On Wednesday, the Supreme Court issued its decision in Amgen, Inc. v. Connecticut Retirement Plans. In a 6-3 decision authored by Justice Ginsburg, the Supreme Court handed a win to plaintiffs in securities fraud class actions, holding that plaintiffs do not have to prove materiality at the class certification stage. The decision marks a departure from some of the Court’s more recent class action rulings, which seemed to narrow class action litigation. Justices Scalia, Thomas and Kennedy dissented.
In their complaint, plaintiff shareholders alleged that Amgen and its executives misled investors about the safety and efficacy of two anemia drugs, thereby violating Section 10(b) and Rule 10b-5. During class certification, Amgen argued that Rule 23(b)(3) required that plaintiffs needed to prove materiality in order to ensure that the questions of law or fact common to the class will “predominate over any questions affecting only individual members.” Both the district court and the Ninth Circuit Court of Appeals rejected Amgen’s argument. The Supreme Court followed suit, affirming the Court of Appeal’s judgment and holding that proof of materiality is not a prerequisite to class certification in securities fraud cases.
The Court noted that Rule 23(b)(3) “requires a showing that questions common to the class predominate, not that those questions will be answered, on the merits, in favor the class.” For two reasons, the Court held, plaintiffs need not prove materiality in order to ensure that questions of law or fact common to the class will predominate. First, because materiality is judged according to an objective standard, it can be proved through evidence common to the class. Thus, materiality is a “common question for purposes of Rule 23(b)(3).” Second, a failure of proof on the common question of materiality poses no risk that individual questions will predominate. To the contrary, the Court reasoned, because materiality is an essential element of a 10b-5 claim, a failure of proof on this claim will “end the case for one and all.” Ultimately, the Court determined that to make the plaintiffs prove materiality at the certification stage would effectively be “putting the cart before the horse.”
In arriving at its decision, the Court rejected Amgen’s argument that just as plaintiffs must prove that Amgen’s stock traded in an efficient market and that the stock trades at issue “took place between the time the misrepresentation was made and the time the truth was revealed” in order to take advantage of the fraud-on-the-market theory and win class certification, so too must plaintiffs prove materiality at the class certification stage. The Court did not dispute that both the efficient market and trade timing elements must be proved before a plaintiff can win certification, but held that those elements go to Rule 23’s requirements of typicality and adequacy of representation, not to the Rule 23(b)(3) predominance inquiry.

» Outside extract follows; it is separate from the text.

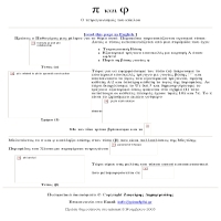 Δικτυακός τόπος με μαθηματικό περιεχόμενο για τη σχέση του π (3.14) με το φ και άλλες μαθηματικές αποδείξεις του Ζαφείρη Δημητριάδη. Προσθήκη στο Vres.gr: 2007-12-03 10:11:12 URL: http://www.piandphi.gr/

The Court also rejected Amgen’s public policy argument that an order granting class certification without requiring proof of materiality pressures a defendant “to settle rather than incur the costs of defending a class action and run[ning] the risk of potential ruinous liability.” Instead, the Court stated that Congress has already addressed this precise concern, primarily through the passage of the Private Securities Litigation Reform Act of 1995, and it was not the judiciary’s place “to make further adjustments.”